OpenGVLab / OmniQuant

[ICLR2024 spotlight] OmniQuant is a simple and powerful quantization technique for LLMs.
MIT License
689 stars 53 forks source link

[Llama-2-7B-chat] ppl of w4a8 is nan #51

Closed xingchensong closed 9 months ago

xingchensong commented 9 months ago

When I perform w4a4 quantization and w4a8 quantization separately on the Llama-2-7B-chat model, w4a8 yields significantly lower loss compared to w4a4. However, the PPL of w4a8 is "nan," while the PPL of w4a4 is 23.7.

please see the script and log I used to quantize the model:

ChenMnZ commented 9 months ago

It is weird.
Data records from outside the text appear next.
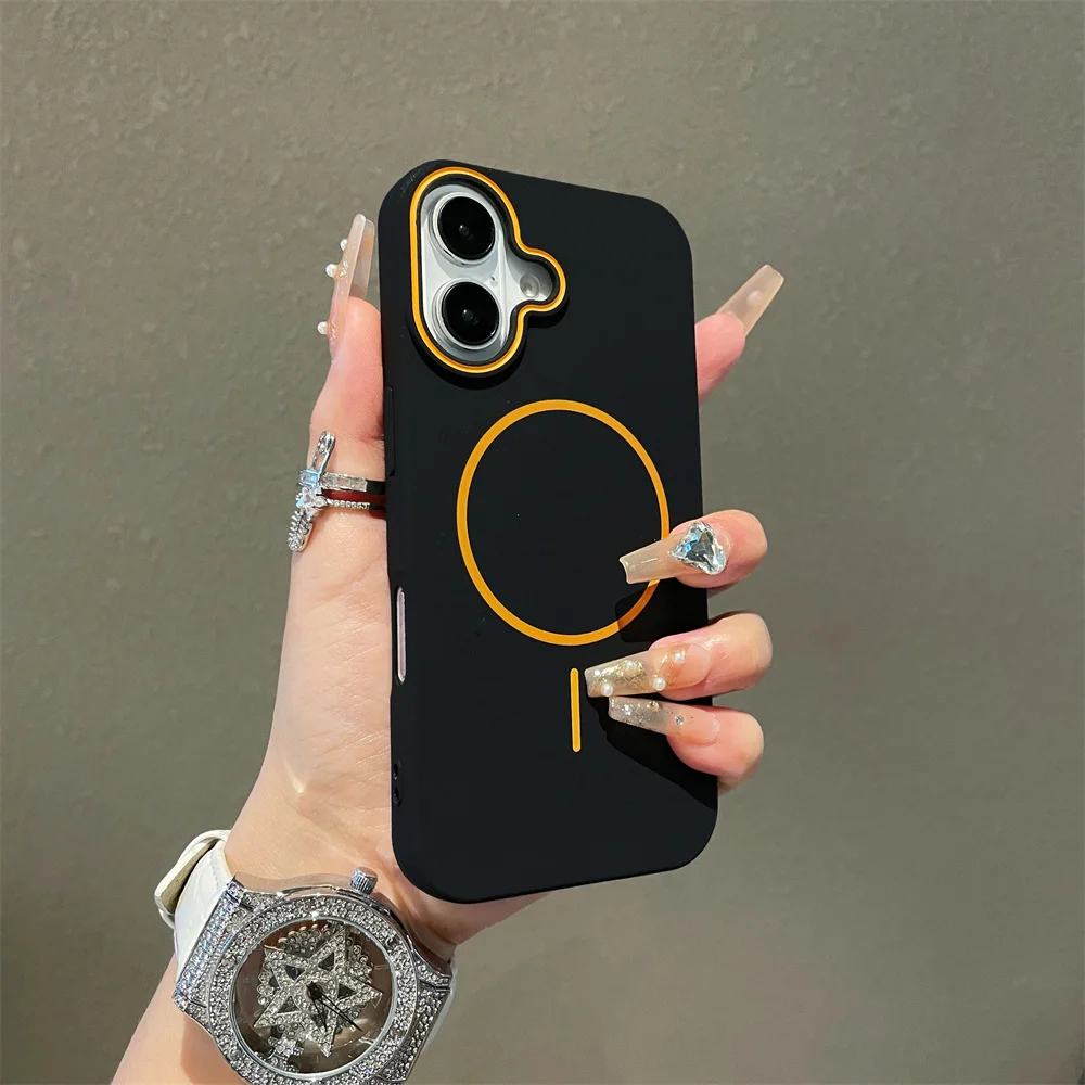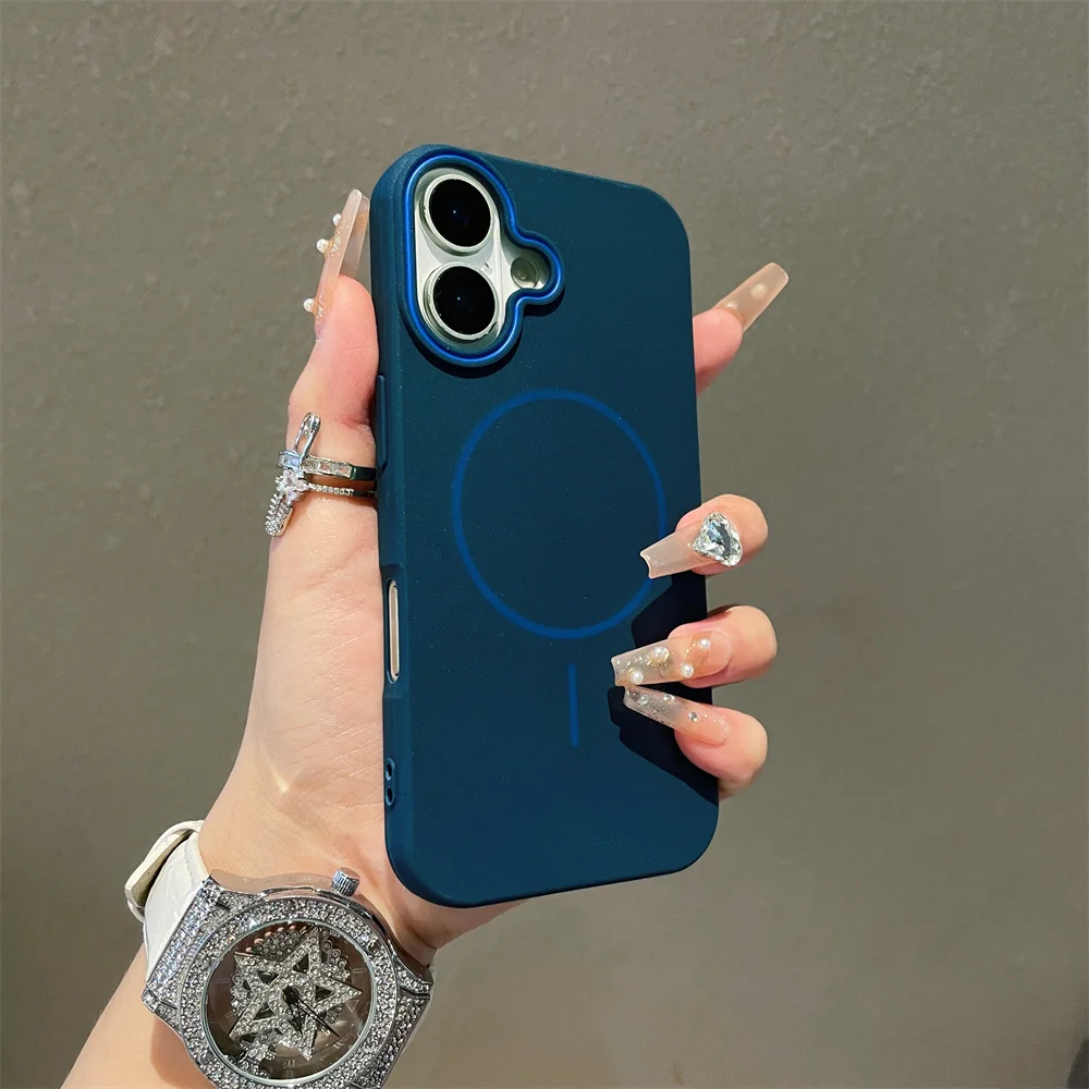 Ultrathin Simple Magsafe Case for iPhone 16 Pro Max 15Pro 14 Plus 13 12 11 Matte Hit Color Lens Wireless Charging Soft TPU Cover
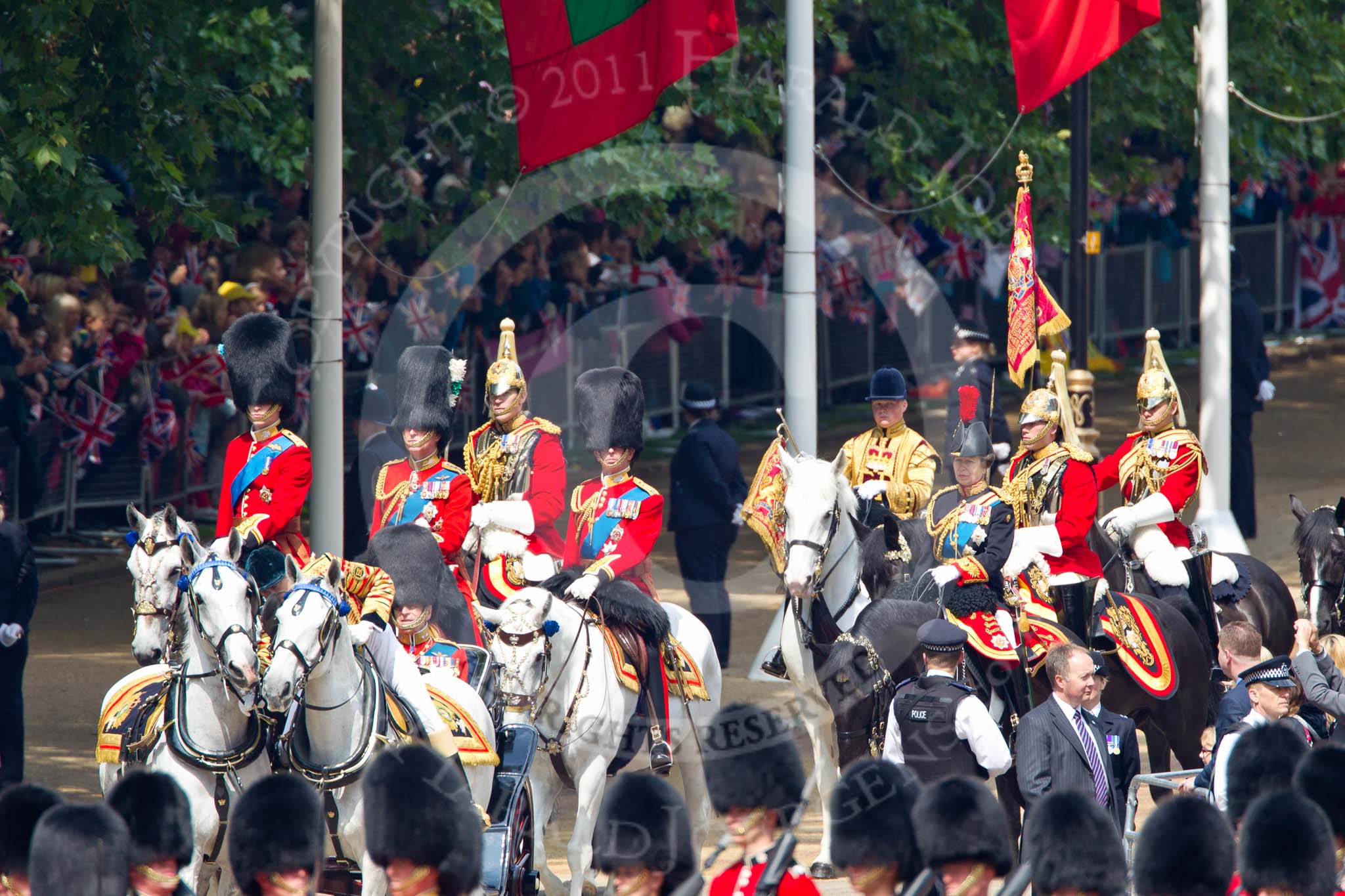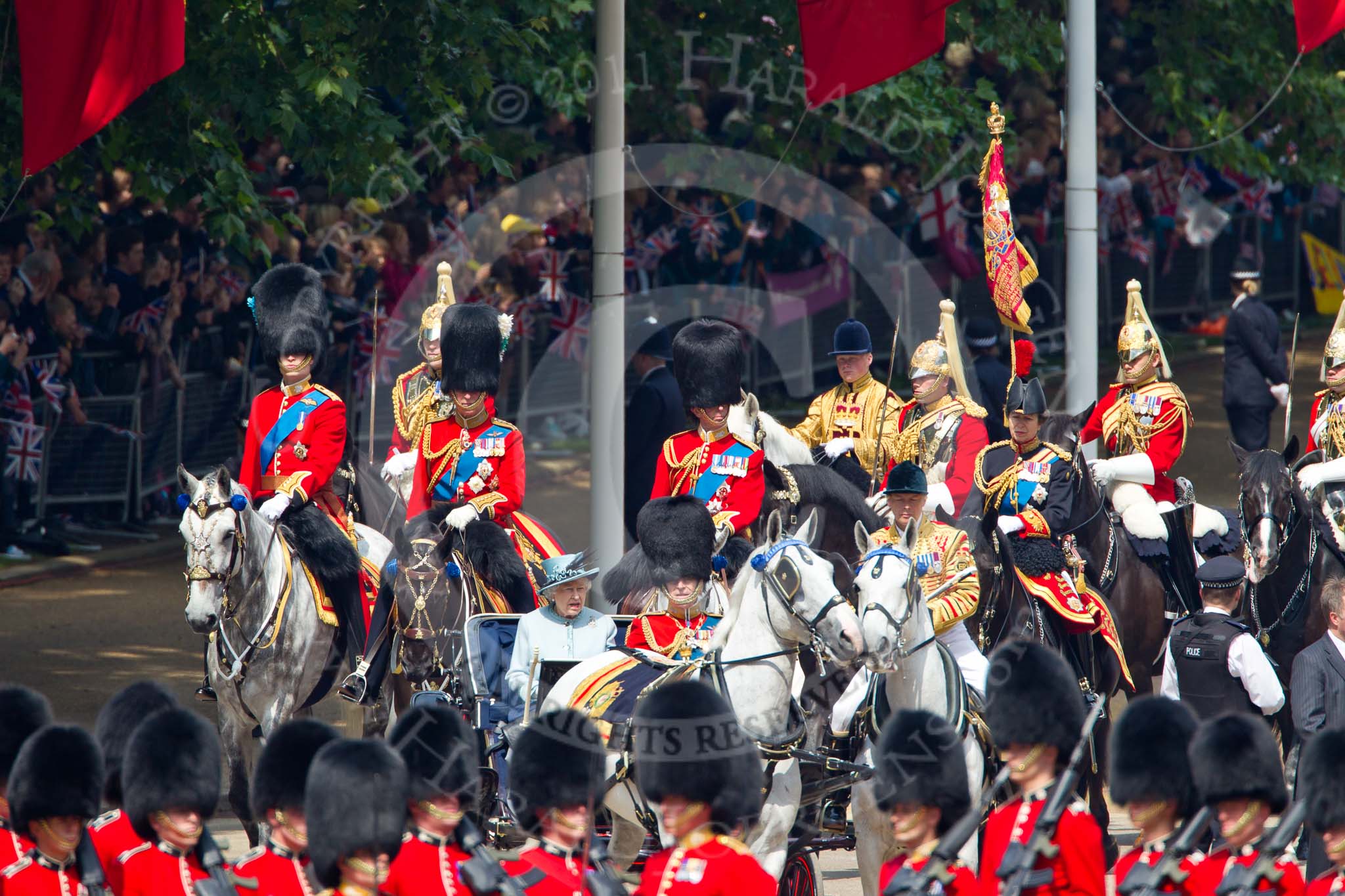 Trooping the Colour 2011: HM The Queen arriving at Horse Guards Parade for her Birthday Parade. Behind her the four Royal Colonels, from the left HRH Prince William, The Duke of Cambridge, HRH Prince Charles, The Prince of Wales, HRH Prince Edward, The Duke of Kent, and HRH Princess Anne, The Princess Royal.. Horse Guards Parade, Westminster, London SW1, Greater London, United Kingdom, on 11 June 2011 at 10:58, image #111
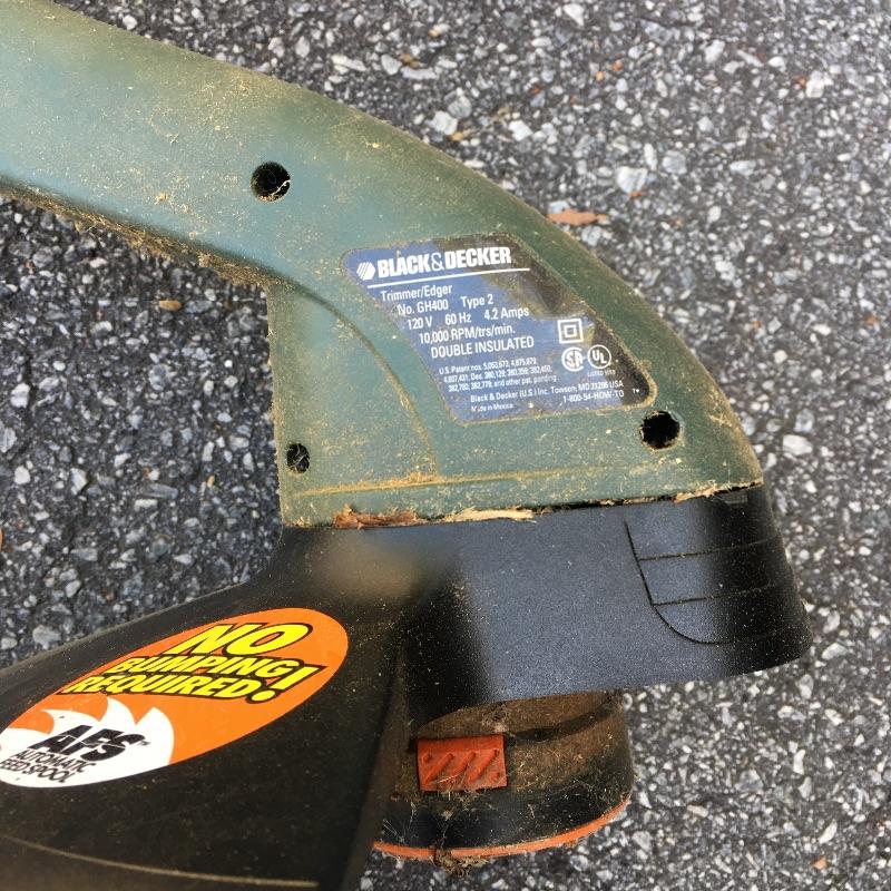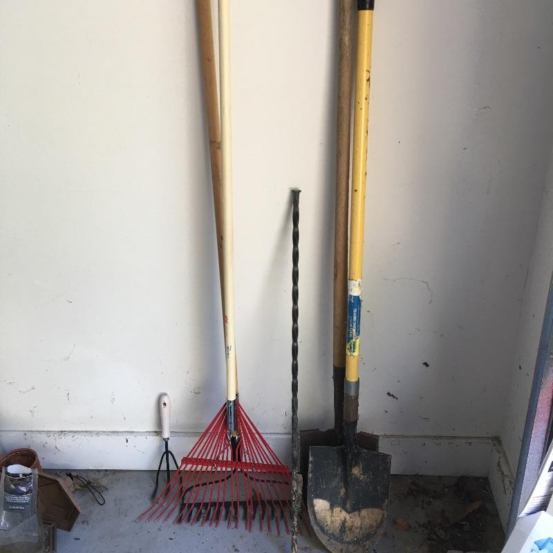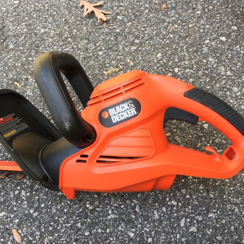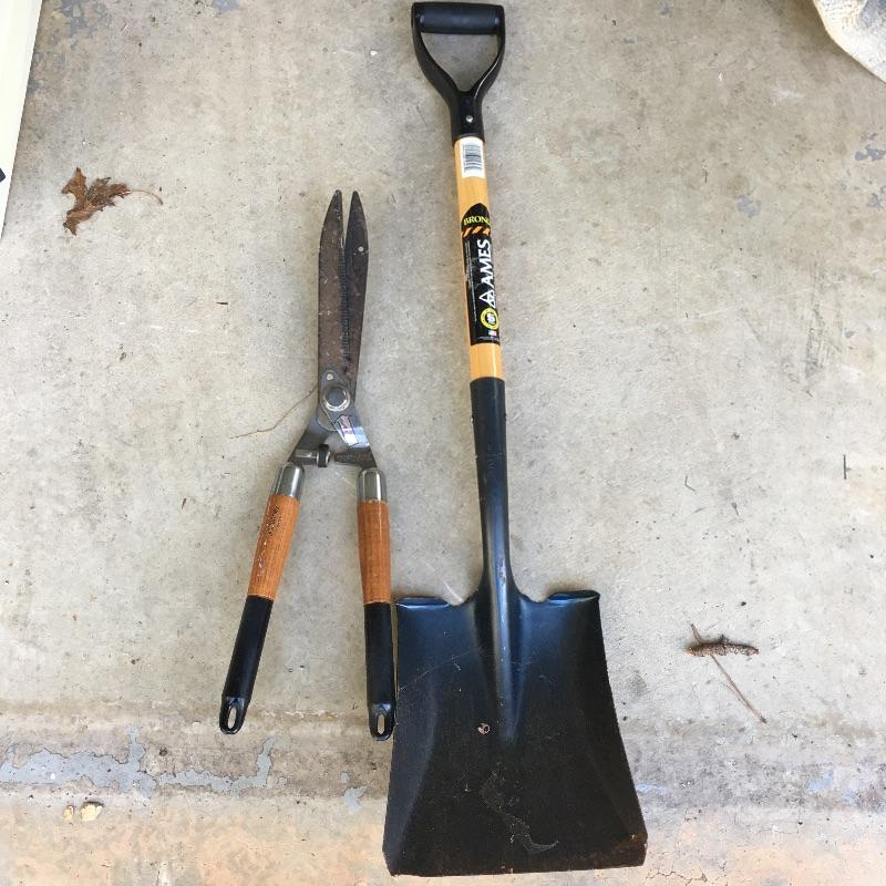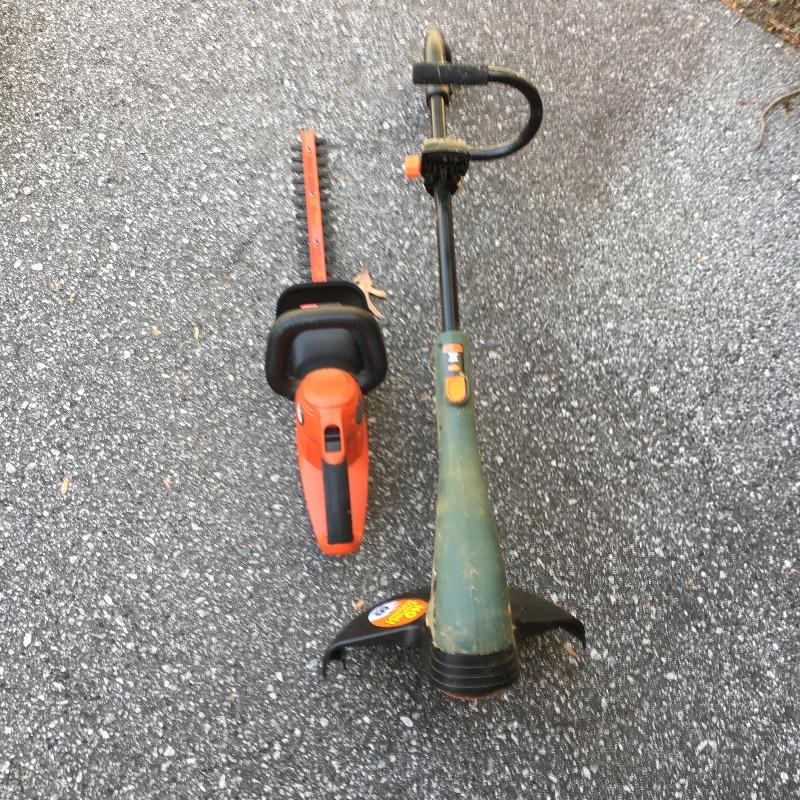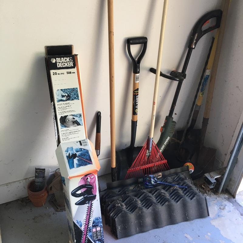 Yard tools. Lot includes Black and Decker weed eater and 20” hedge trimmer model# GH-400, square shovel, two shovels, hand hedge trimmer, heavy and light rake, lawn edging, bird feeder and more. A good start to a tidy yard. Weed eater and hedge trimmer both worked when tested.
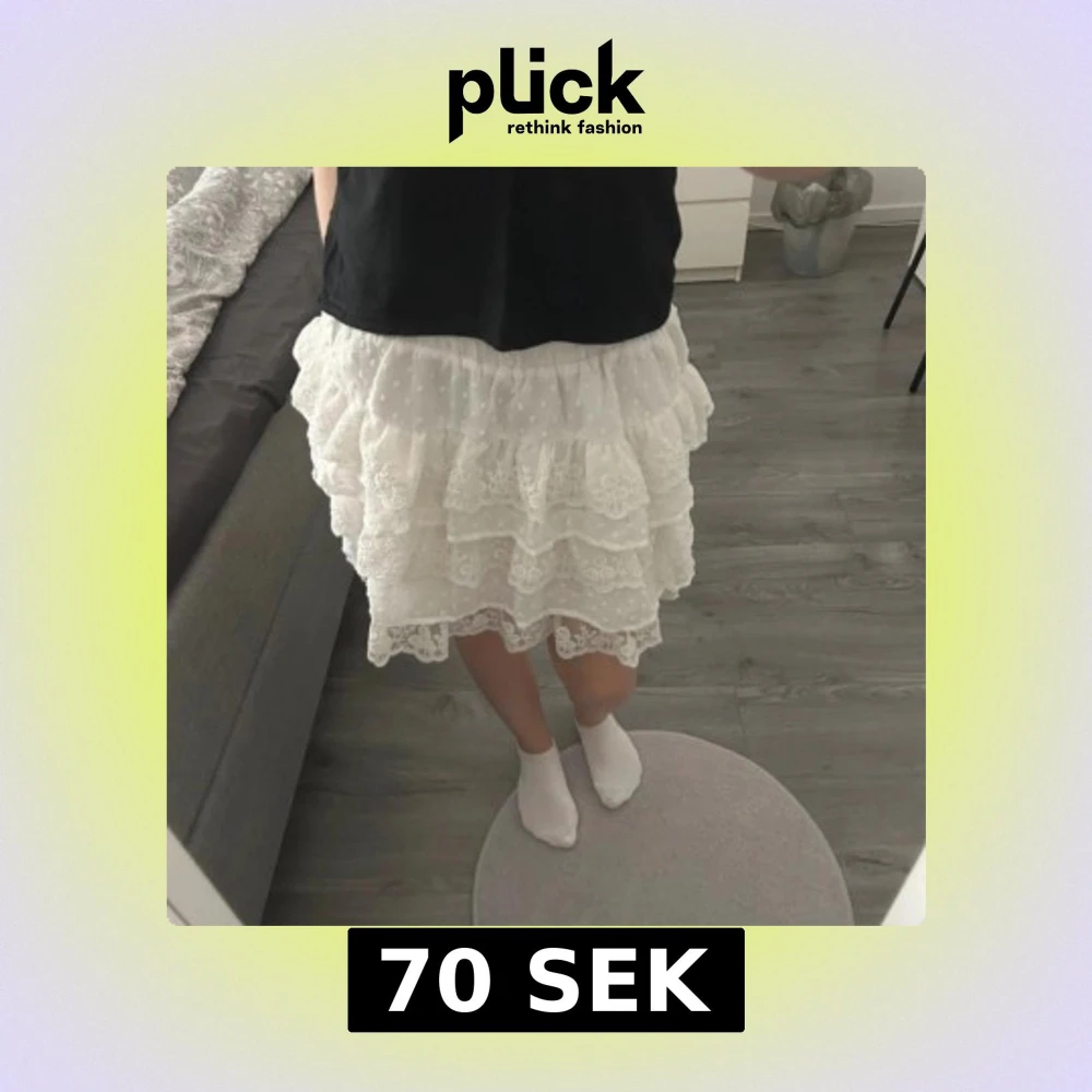 snygg vit kjol med spets och volang. knappt använd
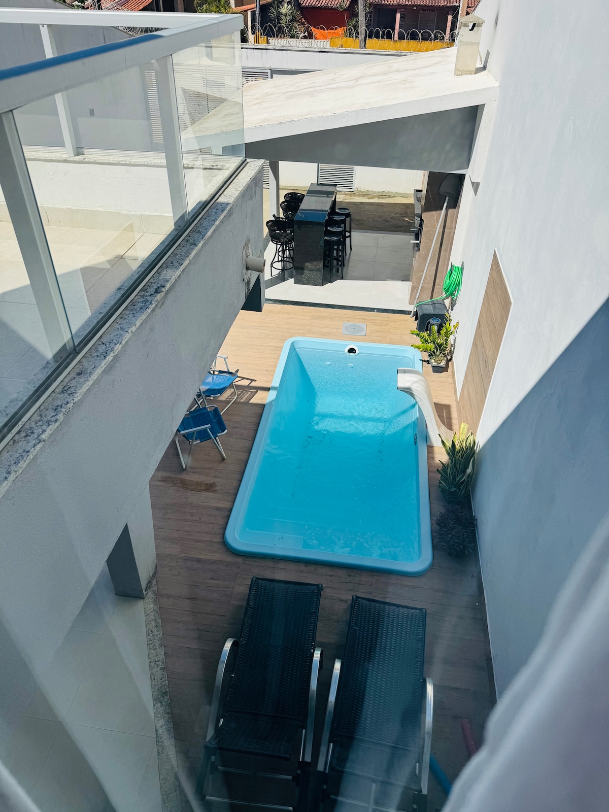 Relax in a charming, comfortable house close to Guriri Beach (only 200 m). Ideal for families and small groups looking for tranquility, practicality and excellent cost-benefit. The house is fully independent, with individual entrance, air-conditioned bedroom, living room with sofa bed, full kitchen and service area. The backyard leisure area has a swimming pool and barbecue area — which can be shared with the house next door if it is occupied, just like in hotels and inns.

I will give it a try.

xingchensong commented 9 months ago

According to this comment https://github.com/OpenGVLab/OmniQuant/issues/25#issuecomment-1770278455

It might be caused by let, I will conduct a comparative experiment that does not involve it. (However, this issue still remains peculiar because w4a4 also incorporates the use of let)

ChenMnZ commented 9 months ago

Sorry for the confusion.

Actually, the command you used is right. For LLaMa weight only quantization, we only use --lwc. For LLaMa weight-activation quantization, we use both --lwc and --let.

xingchensong commented 9 months ago

Adding the parameters --let_lr 1e-3 and --alpha 0.75 resolved the issue for the W4A8 configuration.